You go down some steps and get a view of a very large 'staircase' descending into the valley. I was bemused by the rolled barbed wire surmounting the balustrade at the side of the steps. Our guide explained that youths had jumped into the water below and there had been fatalities - hence the wire to deter them. This wire was also adorned with scraps of clothing - the explanation was that the sick come here for a cure and after total immersion in the Holy water, they divest themselves of their old 'diseased' clothing and don new garments. We were so hot we'd have willingly taken the plunge ourselves but I think that might have been frowned upon. In the first pool, fed by mountain waters, men and boys were dunking themselves in the water and to my surprise they were joined by many women jumping into the water fully clothed in their beautiful sarees.

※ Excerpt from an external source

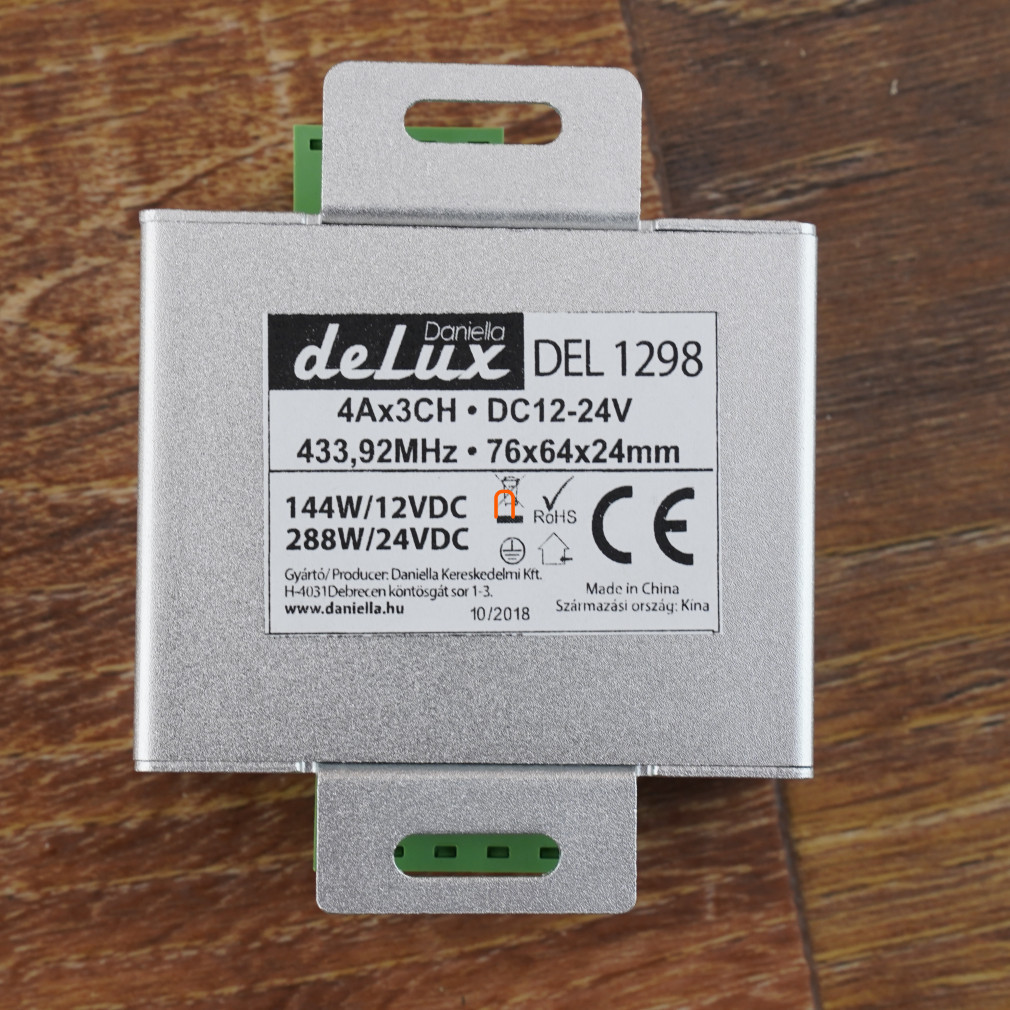 Amplificator RF pentru benzi LED 144 W (12 Vcc), 288 W (24 Vcc), 4 A*3 canale, 433,92 MHz, IP20, deLux DEL1298
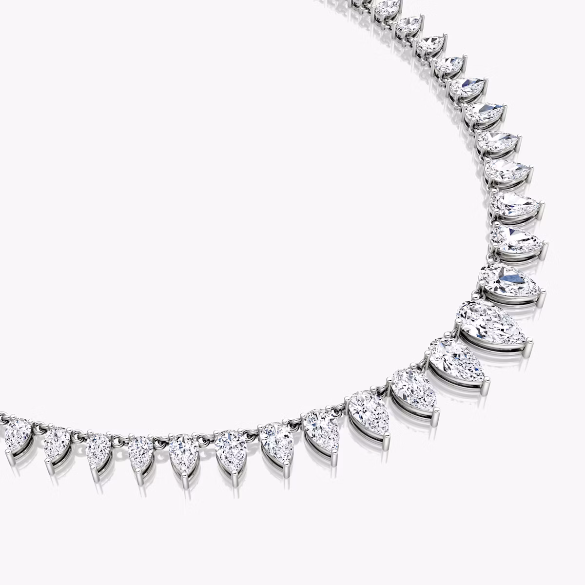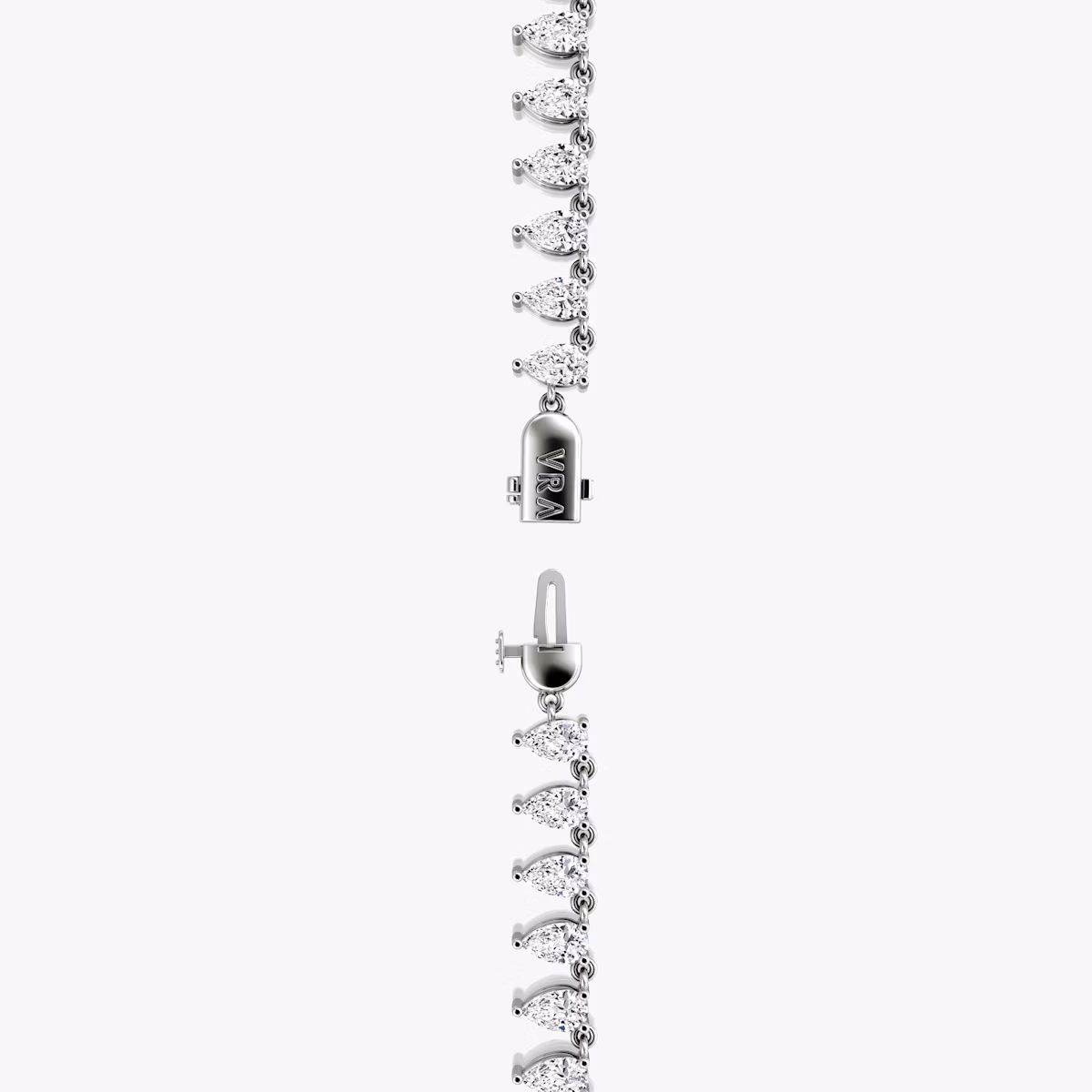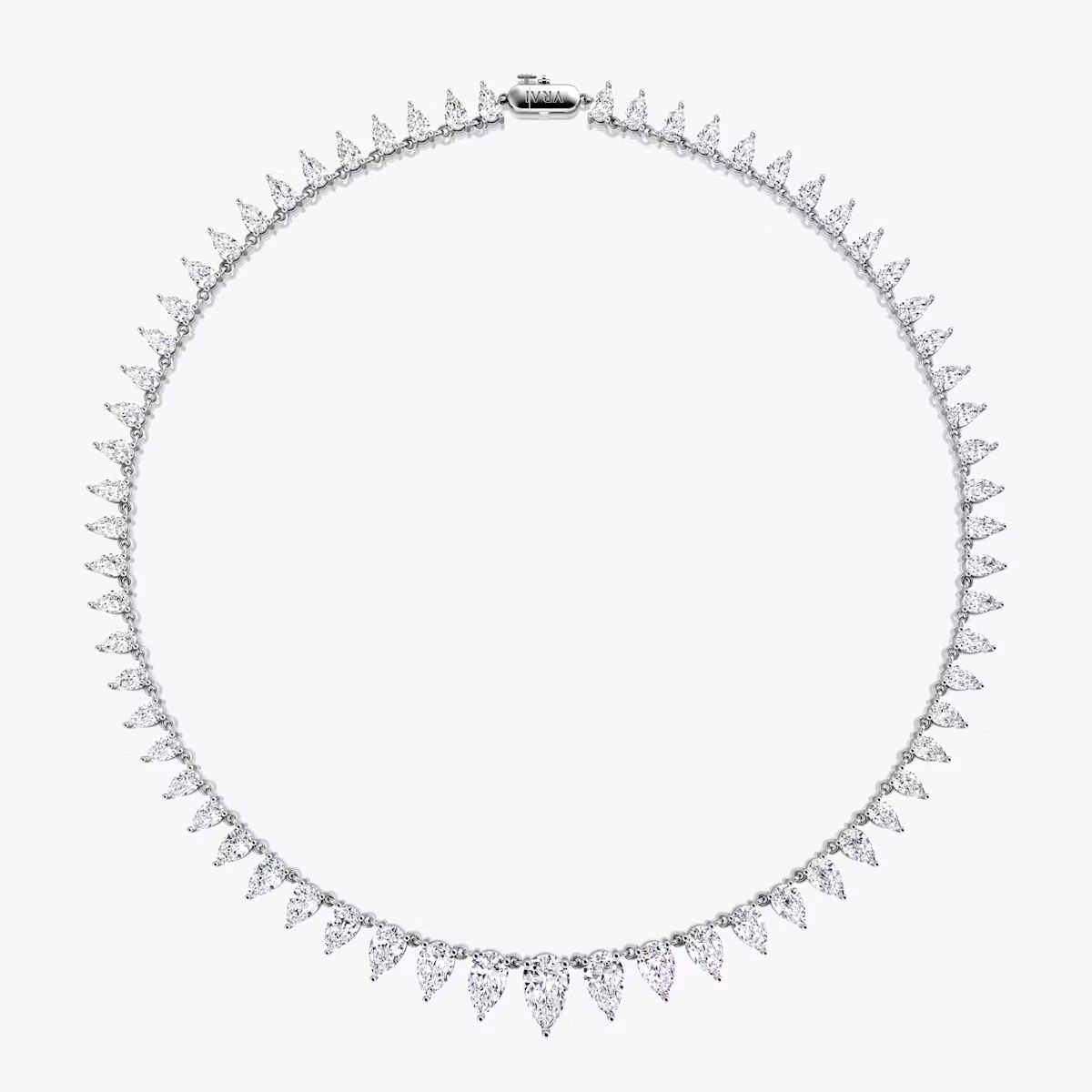 Heirloom-inspired and refined, the Pear Tennis Necklace highlights this romantic and beloved fancy diamond shape. A solid 14k white gold prong setting holds an endless array of Pear cut VRAI created diamonds in a design that lays flush against your neckline for an elegantly daring profile.

The Waters then plunged down to a much bigger pool and many Monkeys were taking advantage of a cool off. Finally at the bottom of the stairs we arrived at the actual Temple - it was stunning. Just like so many other buildings we saw, the glorious paintings which adorned every wall looked as fresh as the day they were first created- centuries ago. We entered an inner temple and met a Holy Man who had been there for 40 years according to our guide. He was in a small room, brightly coloured and with a small image of the Monkey God. He looked very severe and I wondered if I could make him smile - which I did!